Now back to the real world case of my 1266×1201 matrix, where it produces a residual of 7.8202 (same as the linalg.lstsq()) after 29 seconds and 8417 evaluations of func(x).

But, it’s possible to give it the Jacobean (the matrix of partial derivatives), which is just the A matrix, like so:

```def Dfun(x):
return A
res = scipy.optimize.leastsq(func=func, x0=x0, Dfun=Dfun)
```

Now it gets to that answer in 12 seconds after 10 calls to func(x) and 8 to Dfun().

According to the documentation, this uses a set of FORTRAN libraries MINPACK written in 1980 to implement the Levenberg–Marquardt algorithm.

So the upshot is, nothing is coming close to the performance linalg.lstsq() algorithm in this case, which appears to be sourced from another worldwide public FORTRAN library LAPACK, developed since 1992 wrapping gelss as disclosed in the scipy source code.

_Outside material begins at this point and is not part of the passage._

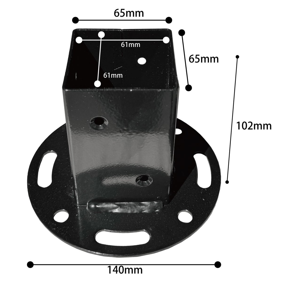 igarden 平止め金具【2個セット】60cm角柱用 スチール製 ブラック 柱固定用 ビス付き コンクリート アスファルト アンカー止め 施工 DIY 10

So, that’s what I have found out today. I am now slightly familiar with how to call into this giant set of fundamental best-in-the-world numerical solvers.

It remains to explain why the BFGS functions performed so badly on my real world matricies. I was kind of counting on them performing a bit better than they did.

Things to do tomorrow: Get familiar with using kd-trees, and more hacking on the SLAM thing, if I can cope with it. Or I could do something else, like work on a GPL implementation of an STL slicer, which is at least something I know I can do.